**Material supplied**
--- START ---

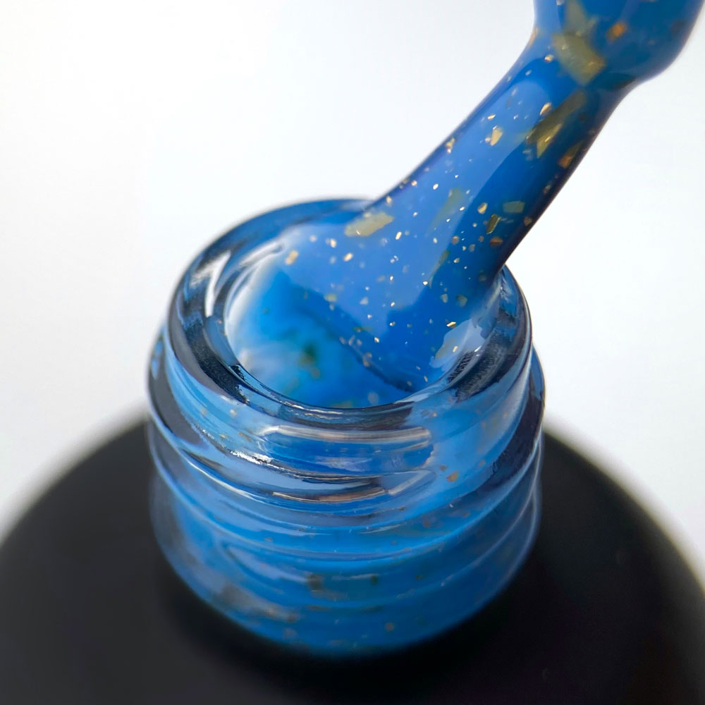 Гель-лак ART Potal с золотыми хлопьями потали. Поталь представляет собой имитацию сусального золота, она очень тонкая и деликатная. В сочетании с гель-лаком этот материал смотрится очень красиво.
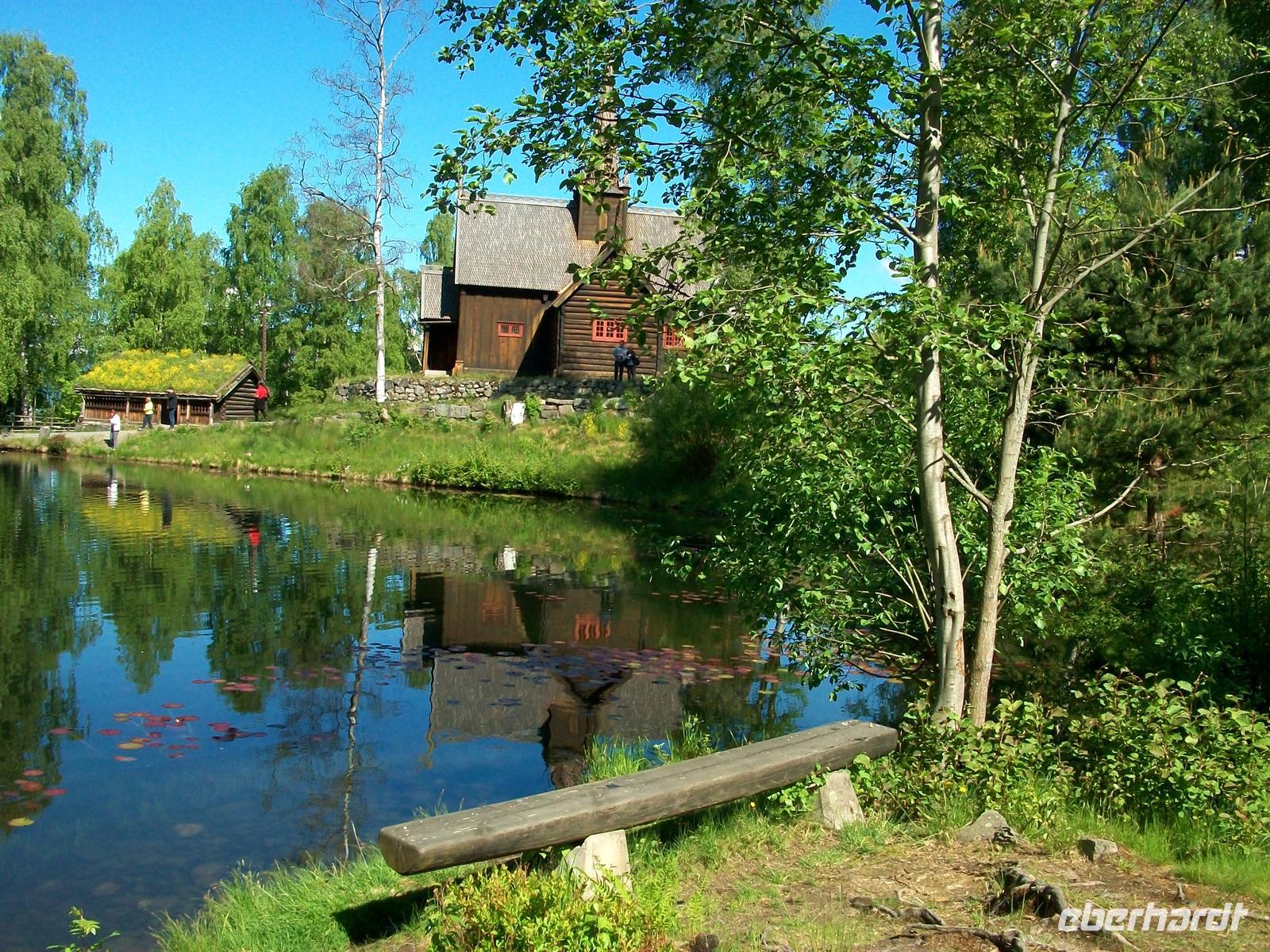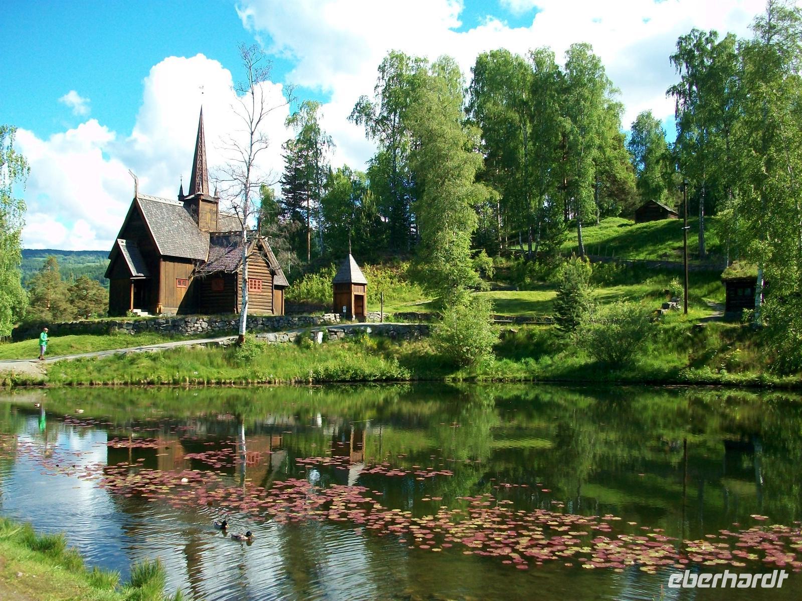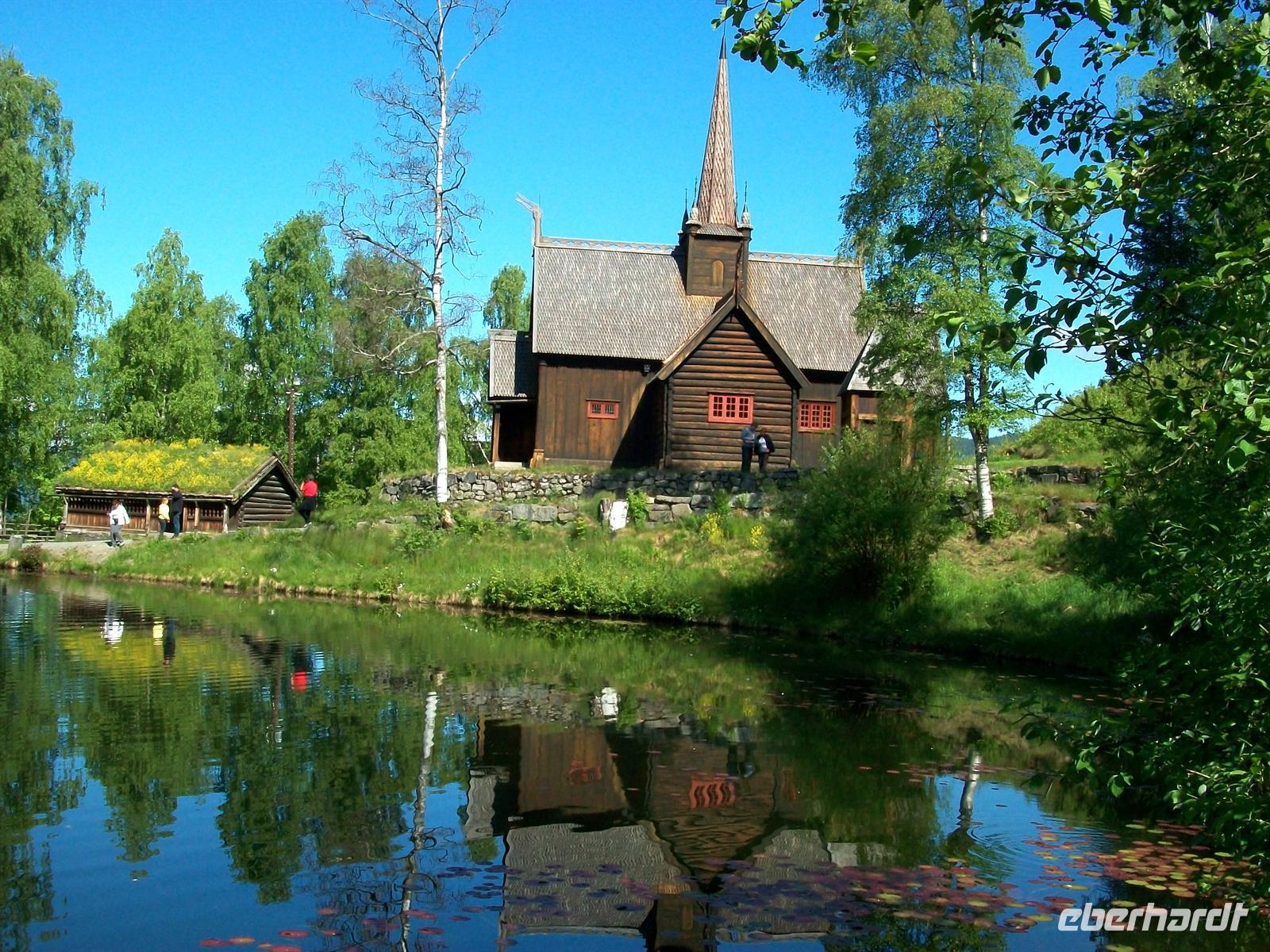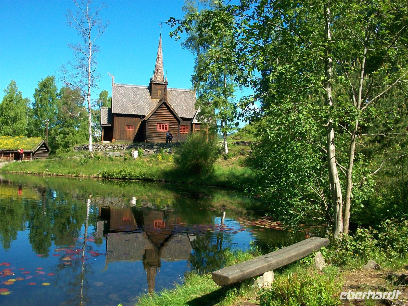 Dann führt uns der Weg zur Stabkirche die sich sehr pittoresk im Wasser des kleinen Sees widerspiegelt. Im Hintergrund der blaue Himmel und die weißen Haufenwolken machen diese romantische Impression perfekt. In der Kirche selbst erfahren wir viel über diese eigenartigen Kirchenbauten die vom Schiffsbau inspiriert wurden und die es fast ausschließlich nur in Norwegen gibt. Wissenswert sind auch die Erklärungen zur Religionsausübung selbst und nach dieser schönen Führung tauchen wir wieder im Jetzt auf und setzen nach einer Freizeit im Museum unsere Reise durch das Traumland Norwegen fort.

--- END ---
--- START ---

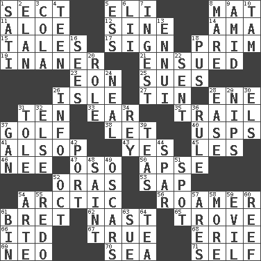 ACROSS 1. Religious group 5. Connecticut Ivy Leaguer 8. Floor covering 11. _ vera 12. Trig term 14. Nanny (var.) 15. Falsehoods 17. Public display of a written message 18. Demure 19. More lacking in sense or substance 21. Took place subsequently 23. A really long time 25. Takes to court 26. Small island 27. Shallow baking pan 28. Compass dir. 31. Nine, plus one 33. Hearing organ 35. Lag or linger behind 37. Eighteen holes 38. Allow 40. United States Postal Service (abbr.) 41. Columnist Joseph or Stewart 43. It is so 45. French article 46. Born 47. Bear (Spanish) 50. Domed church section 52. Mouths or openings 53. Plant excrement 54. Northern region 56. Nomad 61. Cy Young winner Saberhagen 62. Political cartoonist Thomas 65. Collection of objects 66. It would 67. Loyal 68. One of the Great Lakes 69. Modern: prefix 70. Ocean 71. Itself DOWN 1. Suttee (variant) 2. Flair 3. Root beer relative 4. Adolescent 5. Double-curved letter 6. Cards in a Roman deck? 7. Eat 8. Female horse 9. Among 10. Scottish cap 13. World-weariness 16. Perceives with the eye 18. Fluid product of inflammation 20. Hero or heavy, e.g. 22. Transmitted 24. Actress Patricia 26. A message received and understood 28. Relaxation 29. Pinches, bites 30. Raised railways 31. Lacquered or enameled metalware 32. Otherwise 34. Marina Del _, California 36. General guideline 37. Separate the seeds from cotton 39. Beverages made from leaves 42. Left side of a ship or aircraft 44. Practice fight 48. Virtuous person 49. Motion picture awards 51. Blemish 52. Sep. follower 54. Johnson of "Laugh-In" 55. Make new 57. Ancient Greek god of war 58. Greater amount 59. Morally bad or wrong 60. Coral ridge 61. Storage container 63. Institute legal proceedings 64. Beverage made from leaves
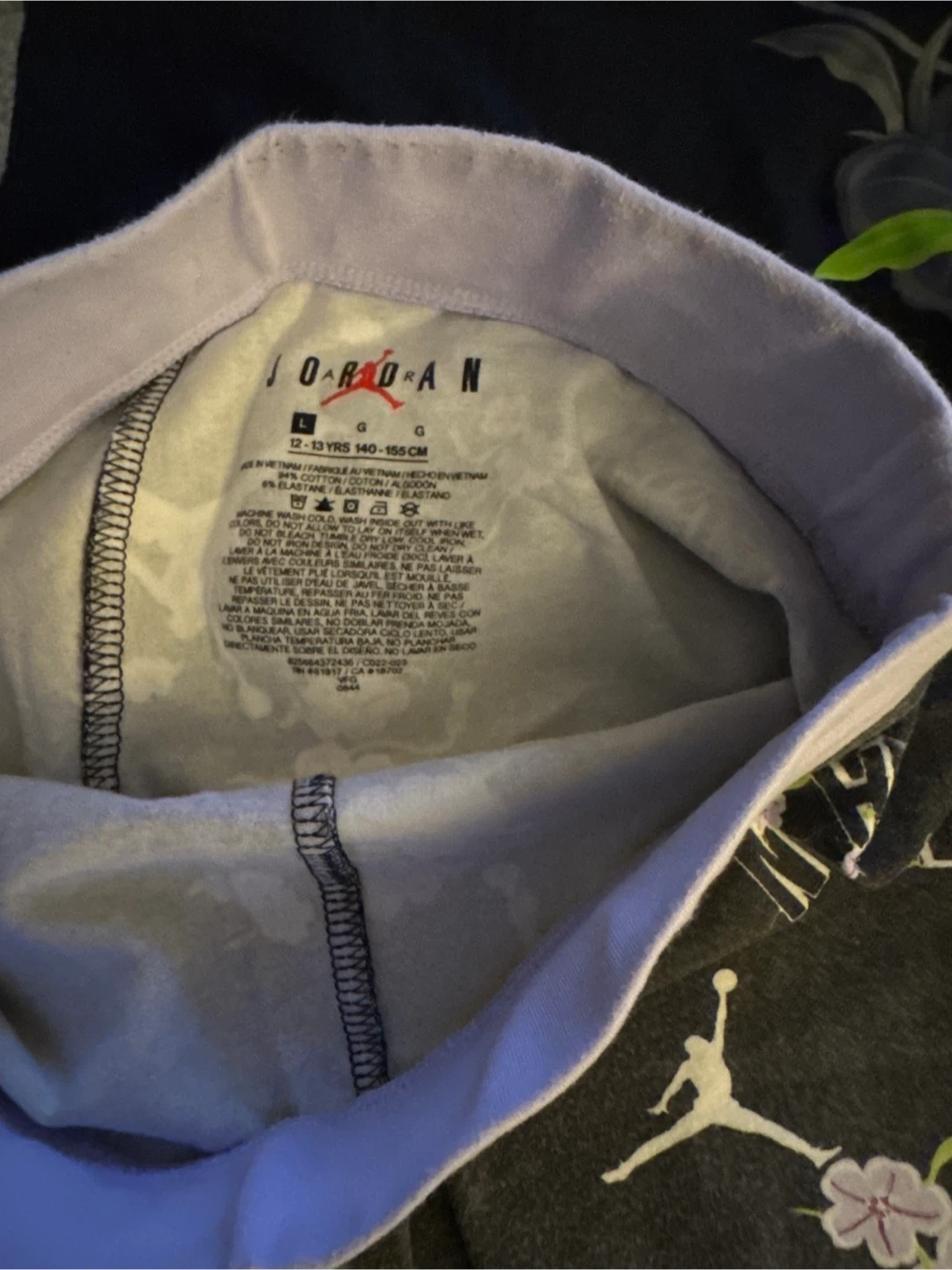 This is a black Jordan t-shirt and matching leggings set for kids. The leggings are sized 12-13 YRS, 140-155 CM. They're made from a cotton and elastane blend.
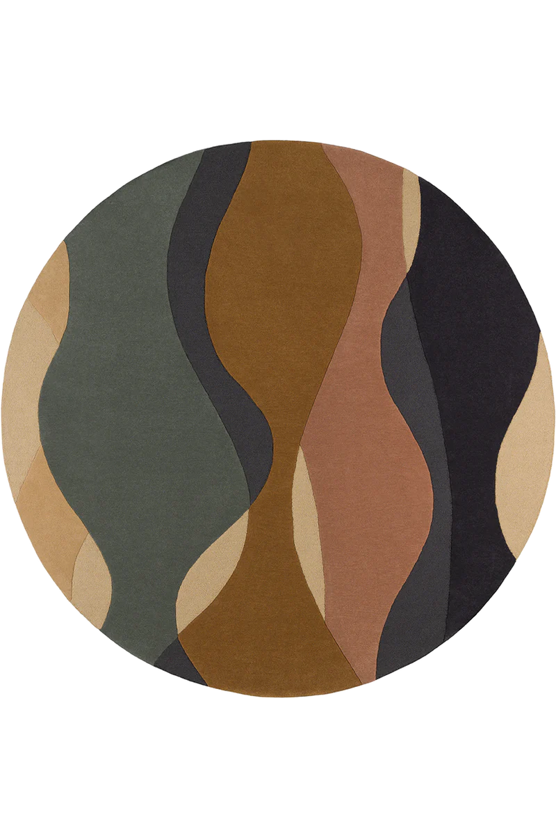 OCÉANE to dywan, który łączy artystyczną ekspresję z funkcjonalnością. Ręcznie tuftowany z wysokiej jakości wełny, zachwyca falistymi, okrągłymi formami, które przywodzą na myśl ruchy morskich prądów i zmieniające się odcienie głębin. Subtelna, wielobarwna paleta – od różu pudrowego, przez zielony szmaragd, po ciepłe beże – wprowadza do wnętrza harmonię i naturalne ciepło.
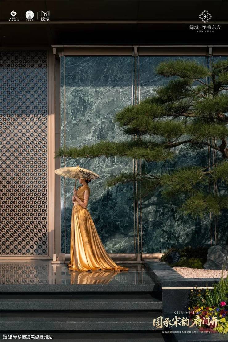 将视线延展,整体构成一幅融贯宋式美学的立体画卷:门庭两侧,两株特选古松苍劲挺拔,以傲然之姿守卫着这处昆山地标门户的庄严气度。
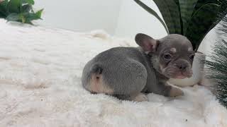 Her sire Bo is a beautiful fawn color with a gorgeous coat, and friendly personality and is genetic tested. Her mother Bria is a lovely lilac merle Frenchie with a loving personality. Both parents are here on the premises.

--- END ---

Within the material above, find the part that opens with the line containing "将视线延展,整体构成一幅融贯" and closes with the line containing "Her sire Bo", and reproduce it exactly without the pictures.

**Answer to this problem**
 将视线延展,整体构成一幅融贯宋式美学的立体画卷:门庭两侧,两株特选古松苍劲挺拔,以傲然之姿守卫着这处昆山地标门户的庄严气度。
 Her sire Bo is a beautiful fawn color with a gorgeous coat, and friendly personality and is genetic tested. Her mother Bria is a lovely lilac merle Frenchie with a loving personality. Both parents are here on the premises.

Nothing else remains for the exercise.